CAUTION: collect can crash the driver when called upon an RDD with massively many elements.
So, it is better to use other diplaying actions like take or takeOrdered as follows:

Let us look at the getNumPartitions action in detail and return here to try out the example codes.


// <Ctrl+Enter> to evaluate this cell and find the number of partitions in RDD x
x.getNumPartitions 

We can see which elements of the RDD are in which parition by calling glom() before collect().

glom() flattens elements of the same partition into an Array.

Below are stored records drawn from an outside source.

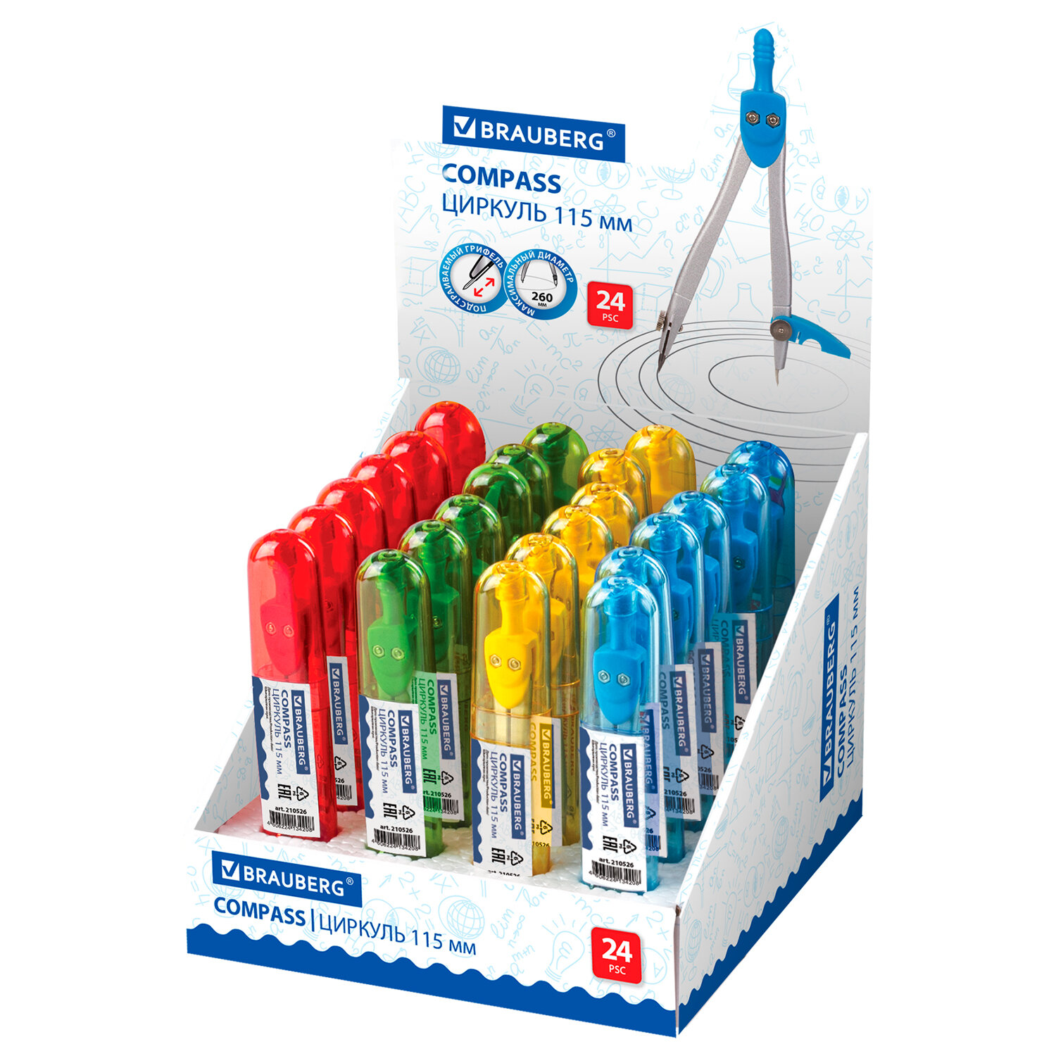- Циркуль BRAUBERG "Klasse", 115 мм, пластиковый пенал, ассорти, дисплей, 210526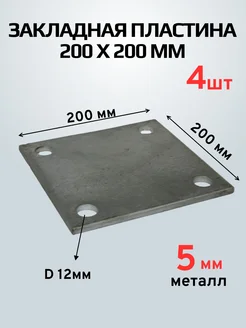 Закладная пластина с отверстиями 200х200 мм 5 мм 4 шт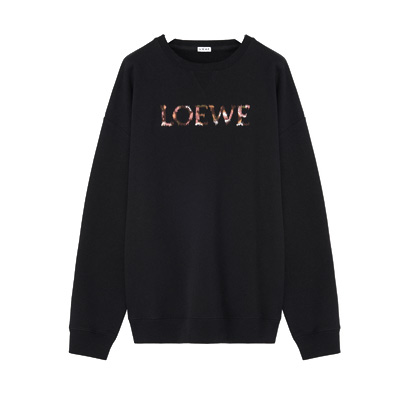 전면 가슴 부분의 로에베 아나그램 로고 자수가 브랜드의 아이덴티티를 강조합니다.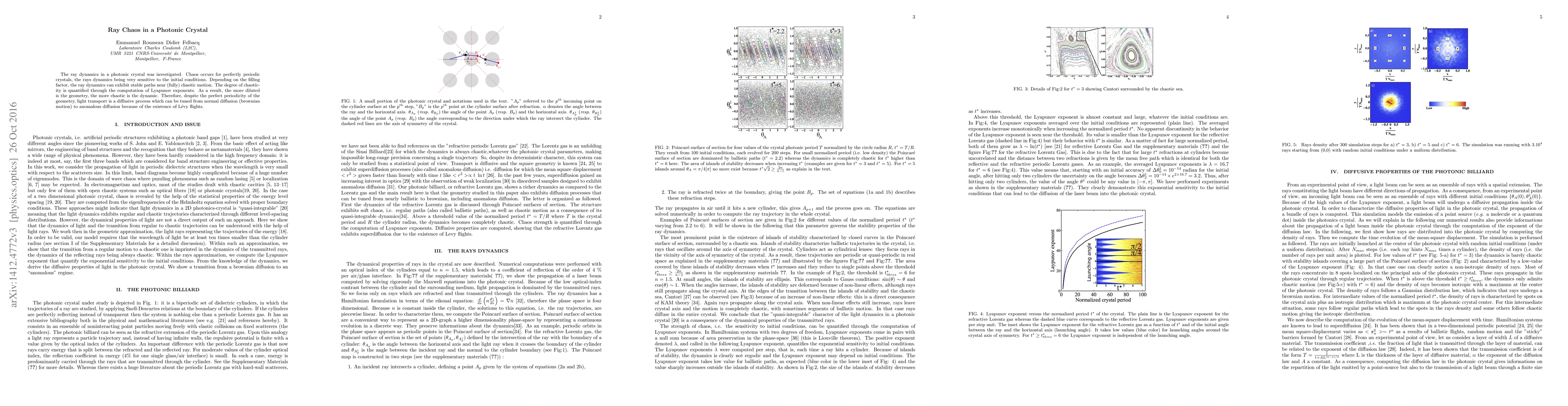 This paper's supplementary materials provide calculations and experimental results on light propagation in a photonic crystal, focusing on transmitted rays and justifying the geometrical optics approximation. It demonstrates that the Lyapunov exponent asymptotically grows as ln(T/R), where T is the crystal period and R is the cylinder radius, and presents experimental results showing exponential sensitivity to initial conditions.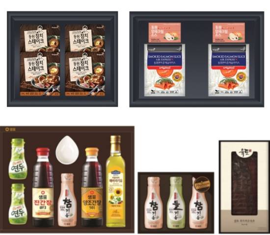 먼저 참치 선물세트는 '동원참치스테이크 세트'를 주력으로 한다. 동원참치스테이크는 고급 황다랑어 통살을 두툼하게 썰어 유명 프렌치 레스토랑 '루이쌍끄(Louis Cinq)'의 이유석 셰프와 공동 개발한 특제 간장버터 소스로 풍미를 더한 제품이다.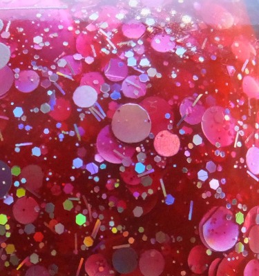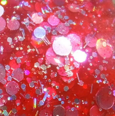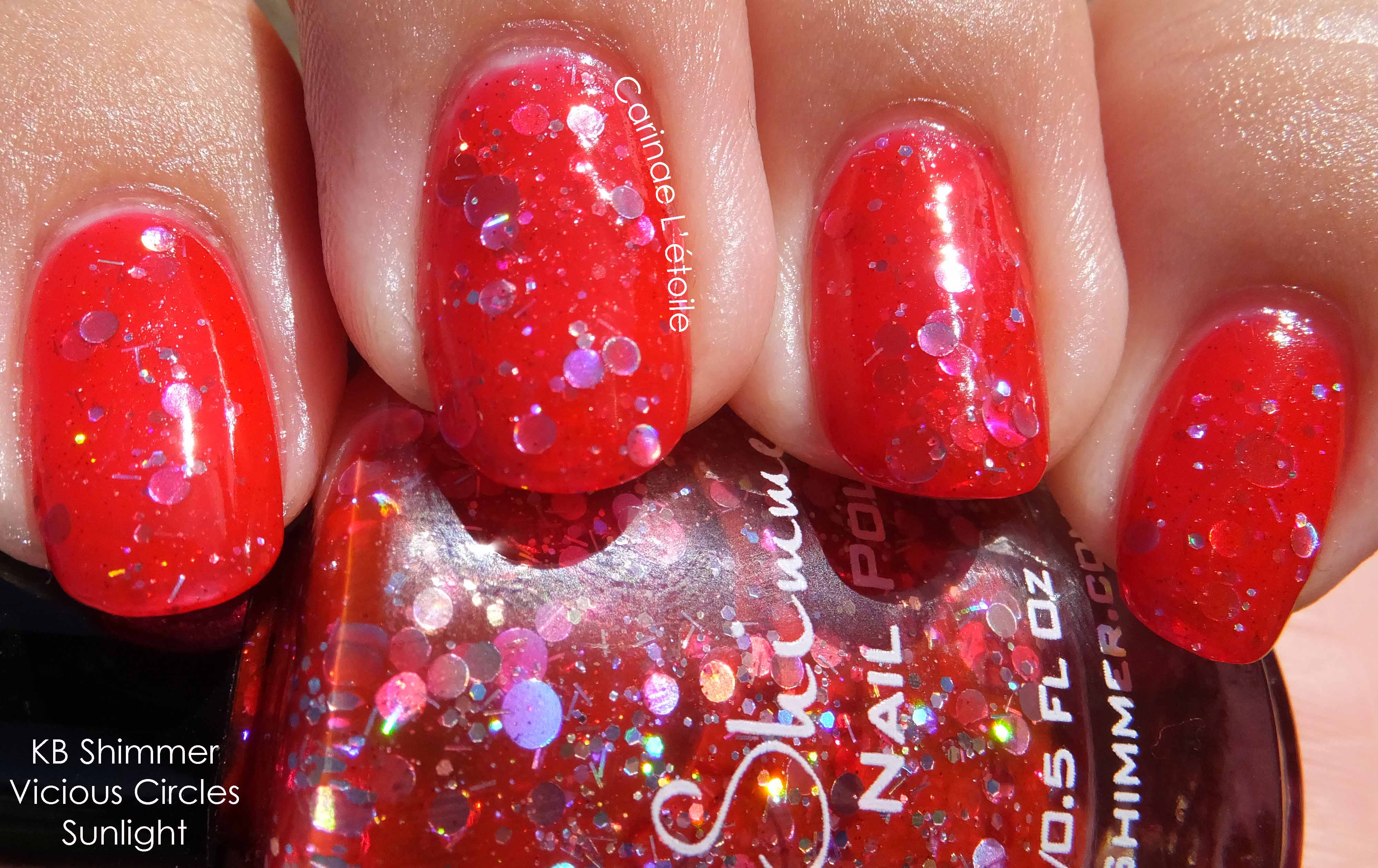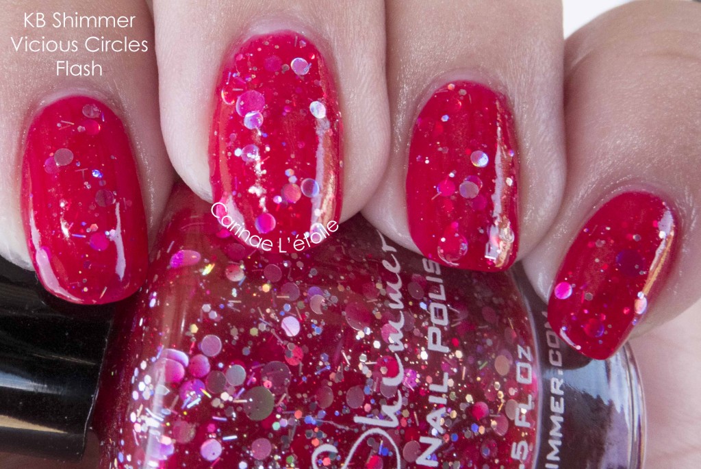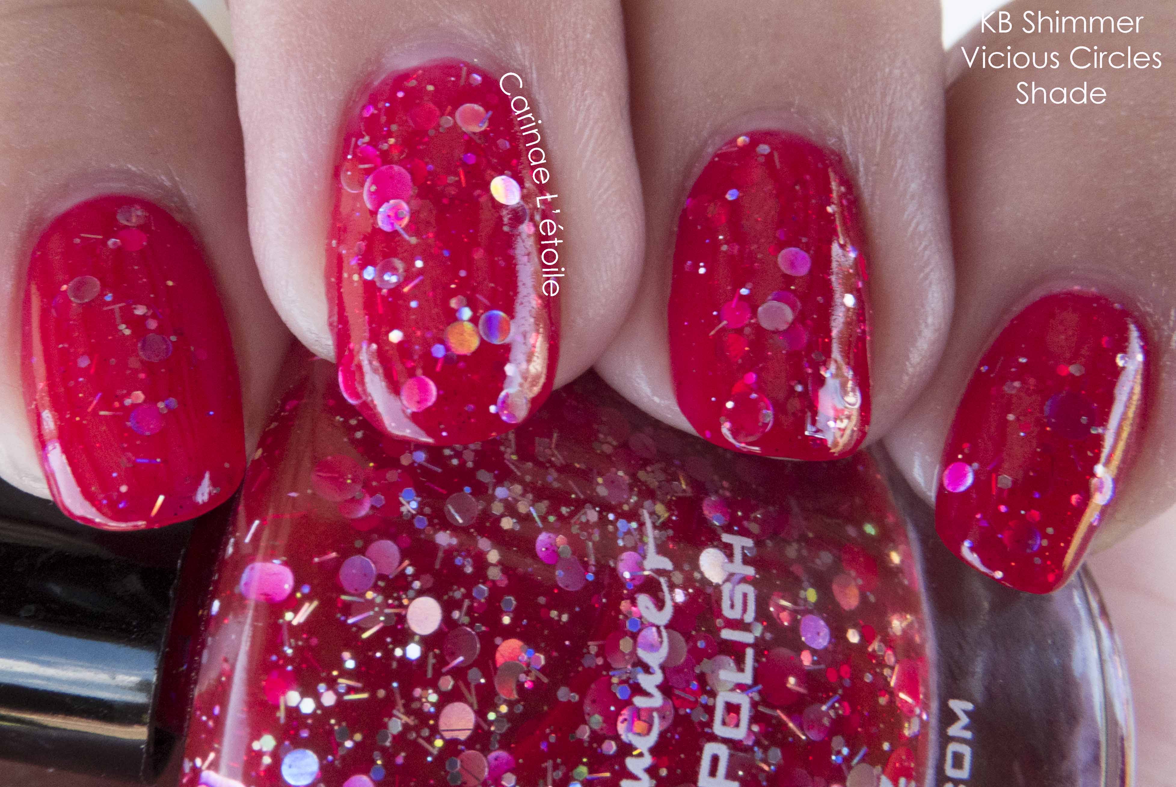 KB Shimmer Vicious Circles is described as “A blood red jelly loaded with silver holographic circles in two sizes, sliver holographic hex glitters and holographic sliver micro slices. This jelly polish works best in three thin coats, but those with shorter nails might get away with two.”

x.glom().collect() // glom() flattens elements on the same partition

Thus from the output above, Array[Array[Int]] = Array(Array(1), Array(2, 3)), we know that 1 is in one partition while 2 and 3 are in another partition.

You Try!

Crate an RDD x with three elements, 1,2,3, and this time do not specifiy the number of partitions. Then the default number of partitions will be used. Find out what this is for the cluster you are attached to.

The default number of partitions for an RDD depends on the cluster this notebook is attached to among others - see programming-guide.


val x = sc.parallelize(Seq(1, 2, 3))    // <Shift+Enter> to evaluate this cell (using default number of partitions)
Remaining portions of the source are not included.